(COLLECTED MATERIAL)
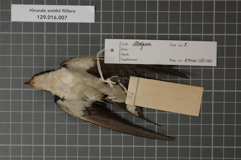 Keywords: Naturalis Biodiversity Center - RMNH.AVES.125100 2 - Hirundo smithii filifera Stephens, 1825 - Hirundinidae - bird skin specimen.jpeg artwork Dimensions artwork Document type Hirundinidae Hirundo Individual count 1 Infraspecific epithet filifera Infraspecific rank Institution Naturalis Kind of unit artwork Kind of unit specimen skin Life stage India Behar Medium artwork Nomenclatural code Sex remark female Occurrence ID page Other fields Other versions artwork Permission license Naturalis donation CC-0 Publication location Scientific name Hirundo smithii filifera Stephens 1825 Scientific name authorship Stephens 1825 female Source url http //bioportal naturalis nl Specific epithet smithii State or province Subject keywords artwork Subject keywords publication Title artwork Title publication Type status Uploaded with GWToolset Naturalis_Biodiversity_Center_-_RMNH AVES 125100_2_-_Hirundo_smithii_filifera_Stephens _1825_-_Hirundinidae_-_bird_skin_specimen http //medialib naturalis nl/file/id/RMNH AVES 125100_2/format/large Media donated by Naturalis Biodiversity Center Songbird specimens at Naturalis Biodiversity Center Hirundo smithii museum specimens
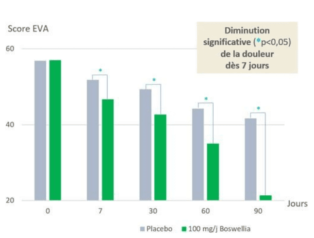 Thành phần chính của Viên uống bổ xương khớp Arkopharma Chondro-Aid 100% Articulation là Nhũ hương. Trong y học dân gian, chiết xuất từ nhựa gôm nhũ hương đã được sử dụng để điều trị các bệnh viêm mạn tính qua nhiều thế kỷ. Dược liệu này đã được chứng minh trên lâm sàng về hiệu quả giảm đau mạn tính thông qua phương pháp đối chứng giả dược trên 70 người, sử dụng 100mg chiết xuất nhũ hương mỗi ngày (tương đương với 30mg AKBA*), liên tục trong 90 ngày. Kết quả cho thấy cơn đau đã giảm đáng kể từ ngày thứ 7 và gần như biến mất tại thời điểm 3 tháng sau đó.
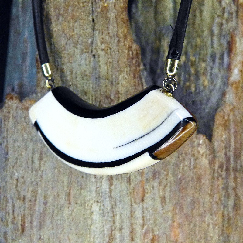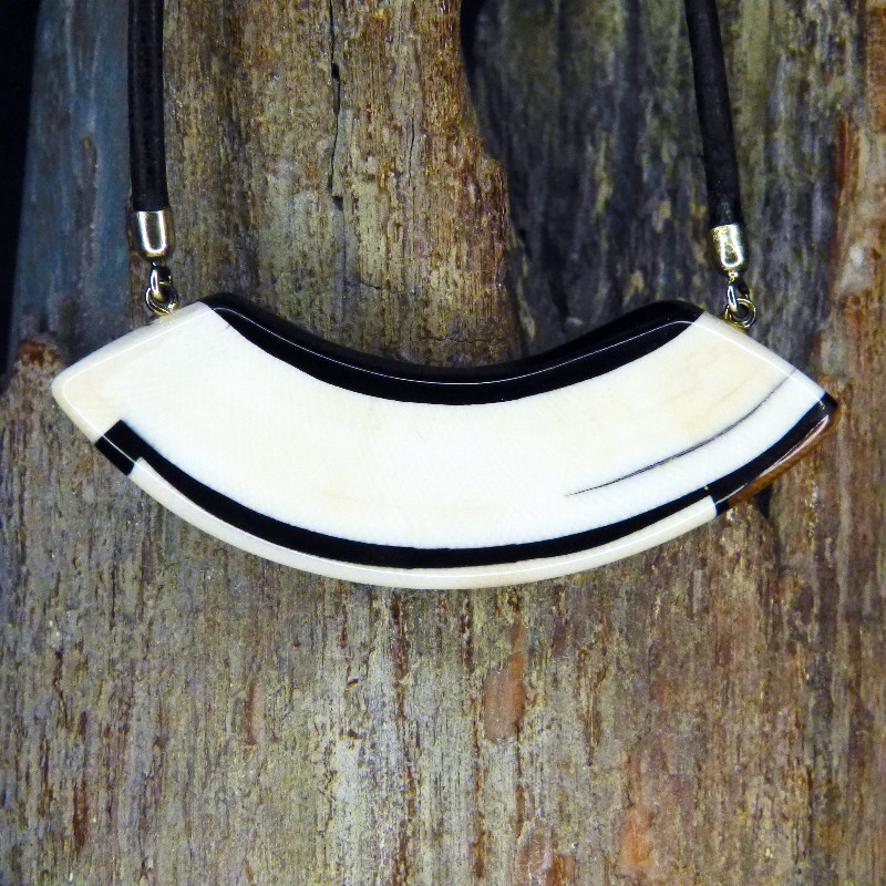 Bogencollier aus hellem und braunem Mammut-Elfenbein mit feiner Maserung.

(THE TASK) Leave out the pictures and repeat the remaining data exactly.

(SOLUTION TO THIS TASK)
 Keywords: Naturalis Biodiversity Center - RMNH.AVES.125100 2 - Hirundo smithii filifera Stephens, 1825 - Hirundinidae - bird skin specimen.jpeg artwork Dimensions artwork Document type Hirundinidae Hirundo Individual count 1 Infraspecific epithet filifera Infraspecific rank Institution Naturalis Kind of unit artwork Kind of unit specimen skin Life stage India Behar Medium artwork Nomenclatural code Sex remark female Occurrence ID page Other fields Other versions artwork Permission license Naturalis donation CC-0 Publication location Scientific name Hirundo smithii filifera Stephens 1825 Scientific name authorship Stephens 1825 female Source url http //bioportal naturalis nl Specific epithet smithii State or province Subject keywords artwork Subject keywords publication Title artwork Title publication Type status Uploaded with GWToolset Naturalis_Biodiversity_Center_-_RMNH AVES 125100_2_-_Hirundo_smithii_filifera_Stephens _1825_-_Hirundinidae_-_bird_skin_specimen http //medialib naturalis nl/file/id/RMNH AVES 125100_2/format/large Media donated by Naturalis Biodiversity Center Songbird specimens at Naturalis Biodiversity Center Hirundo smithii museum specimens
 Thành phần chính của Viên uống bổ xương khớp Arkopharma Chondro-Aid 100% Articulation là Nhũ hương. Trong y học dân gian, chiết xuất từ nhựa gôm nhũ hương đã được sử dụng để điều trị các bệnh viêm mạn tính qua nhiều thế kỷ. Dược liệu này đã được chứng minh trên lâm sàng về hiệu quả giảm đau mạn tính thông qua phương pháp đối chứng giả dược trên 70 người, sử dụng 100mg chiết xuất nhũ hương mỗi ngày (tương đương với 30mg AKBA*), liên tục trong 90 ngày. Kết quả cho thấy cơn đau đã giảm đáng kể từ ngày thứ 7 và gần như biến mất tại thời điểm 3 tháng sau đó.
 Bogencollier aus hellem und braunem Mammut-Elfenbein mit feiner Maserung.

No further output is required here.